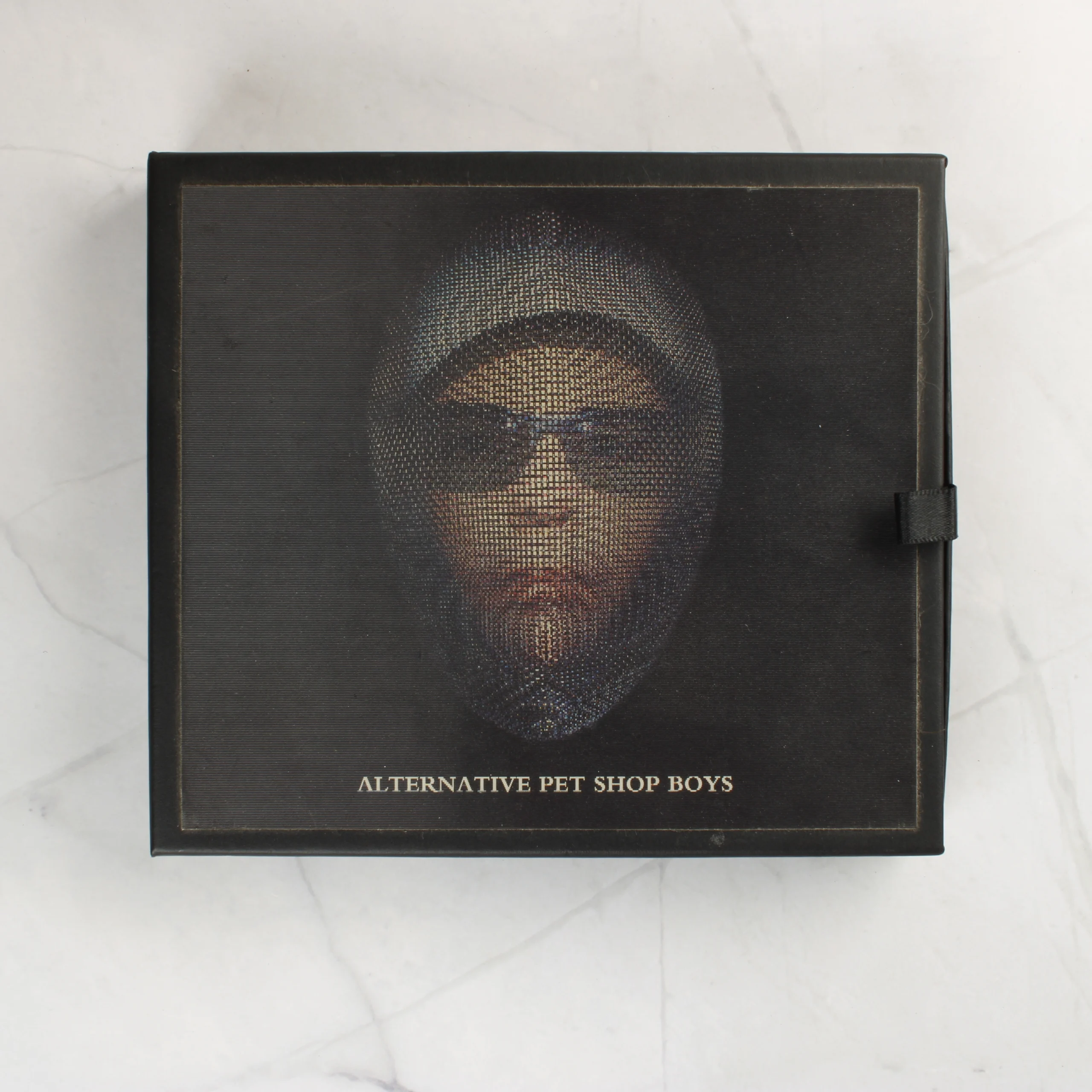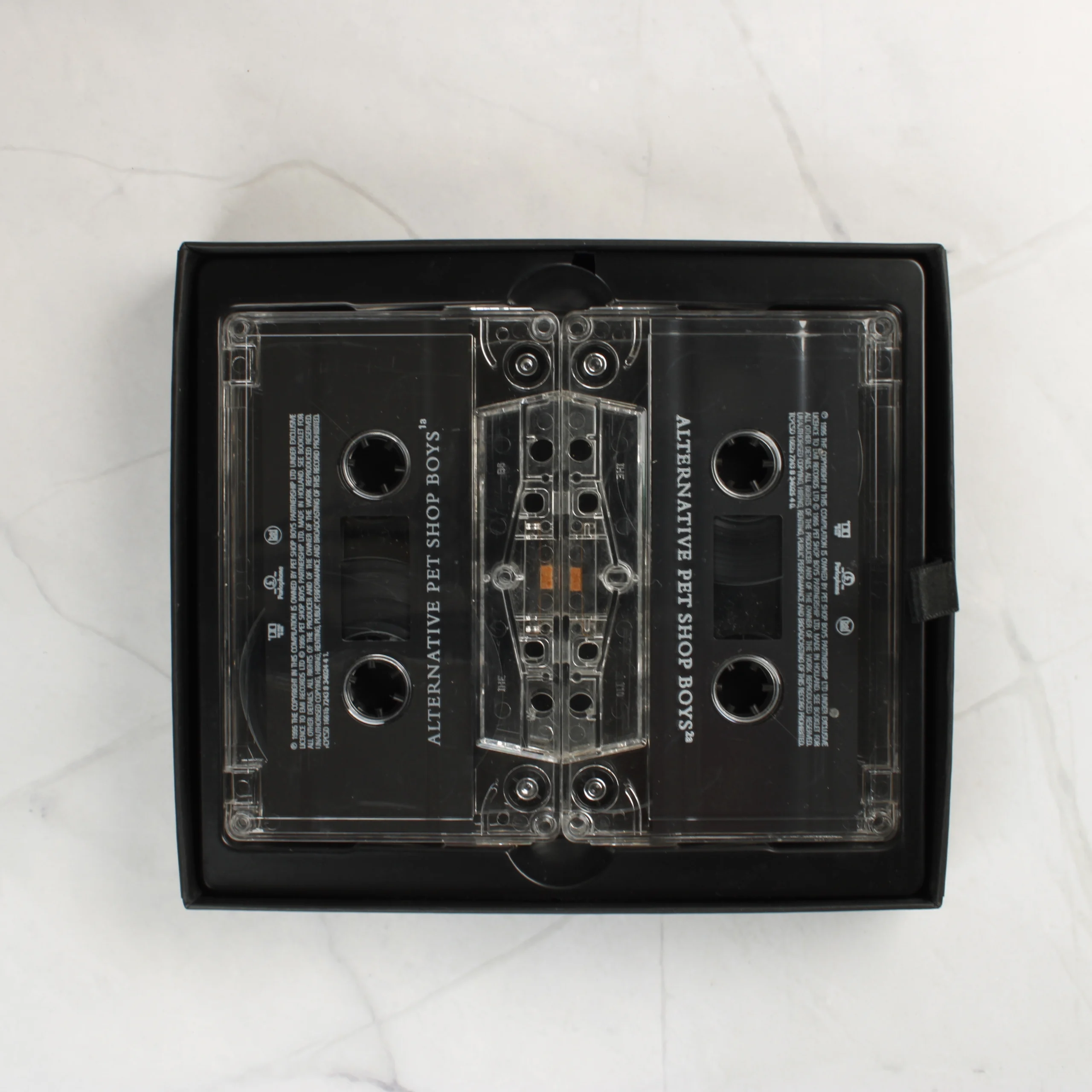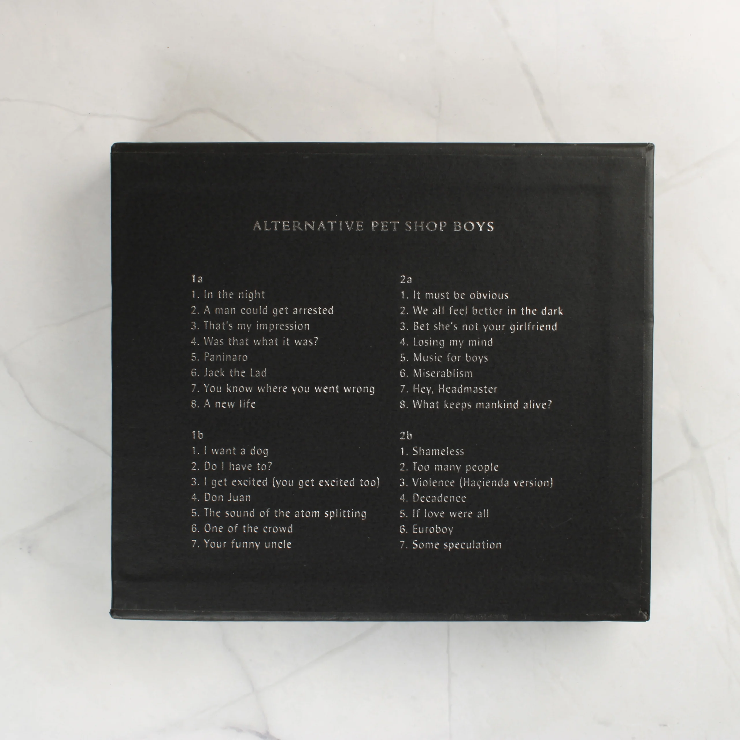 A Pet Shop Boys együttes Alternative című válogatásalbumának díszdobozos kiadása. A fekete színű, texturált felületű keménykarton doboz elején egy rácsos maszkot viselő arc látható, alatta az album címe olvasható. A készlet két darab átlátszó műanyag házas magnókazettát tartalmaz, amelyek egy fekete tálcában helyezkednek el. A csomag részét képezi egy többoldalas kísérőfüzet is, amely színes illusztrációkat és részletes dallistát tartalmaz. A doboz hátoldalán a kazetták oldalai szerint csoportosított számcímek szerepelnek fehér felirattal. A kiadvány a Parlophone és az EMI Records gondozásában jelent meg. A doboz oldalán egy kis fekete textilfül segíti a nyitást. A külső csomagoláson és a füzeten minimális használati nyomok, enyhe élkopások láthatóak, de az összkép megkímélt állapotot tükröz.
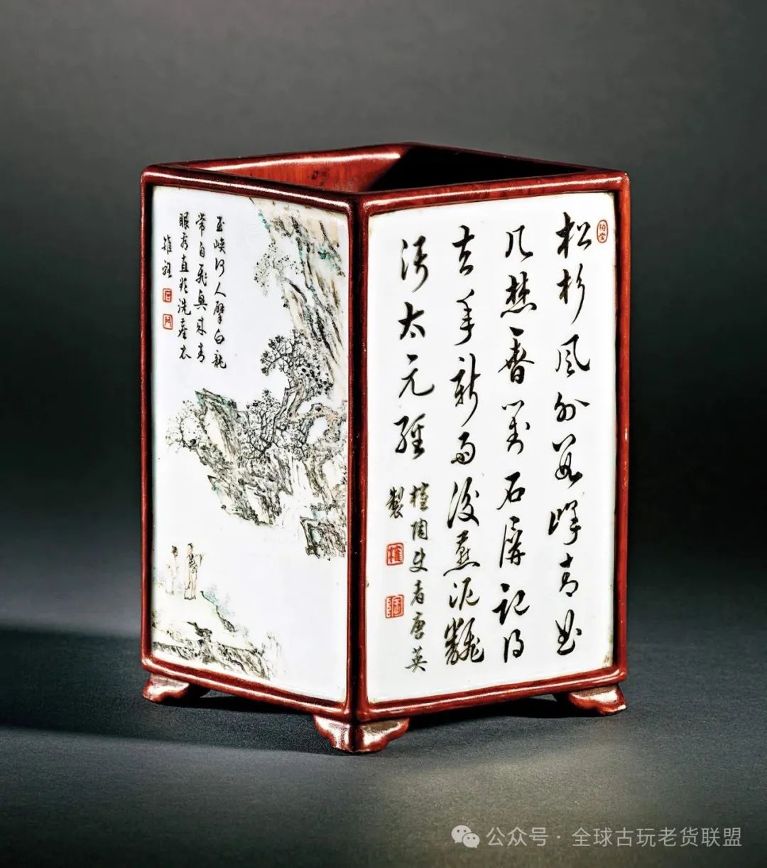 清乾隆 唐英亲制仿木纹釉开光设色山水诗文唱和四方笔筒成交价460万元
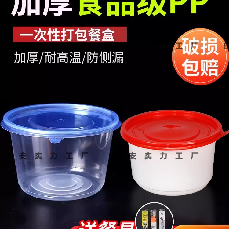 加厚耐高温一次性食品级可微波炉餐盒塑料碗汤饭盒带盖打包盒圆形

● **What to work on**
Your answer should be every line above, written out exactly, with no pictures.

● **Response for this exercise**
 A Pet Shop Boys együttes Alternative című válogatásalbumának díszdobozos kiadása. A fekete színű, texturált felületű keménykarton doboz elején egy rácsos maszkot viselő arc látható, alatta az album címe olvasható. A készlet két darab átlátszó műanyag házas magnókazettát tartalmaz, amelyek egy fekete tálcában helyezkednek el. A csomag részét képezi egy többoldalas kísérőfüzet is, amely színes illusztrációkat és részletes dallistát tartalmaz. A doboz hátoldalán a kazetták oldalai szerint csoportosított számcímek szerepelnek fehér felirattal. A kiadvány a Parlophone és az EMI Records gondozásában jelent meg. A doboz oldalán egy kis fekete textilfül segíti a nyitást. A külső csomagoláson és a füzeten minimális használati nyomok, enyhe élkopások láthatóak, de az összkép megkímélt állapotot tükröz.
 清乾隆 唐英亲制仿木纹釉开光设色山水诗文唱和四方笔筒成交价460万元
 加厚耐高温一次性食品级可微波炉餐盒塑料碗汤饭盒带盖打包盒圆形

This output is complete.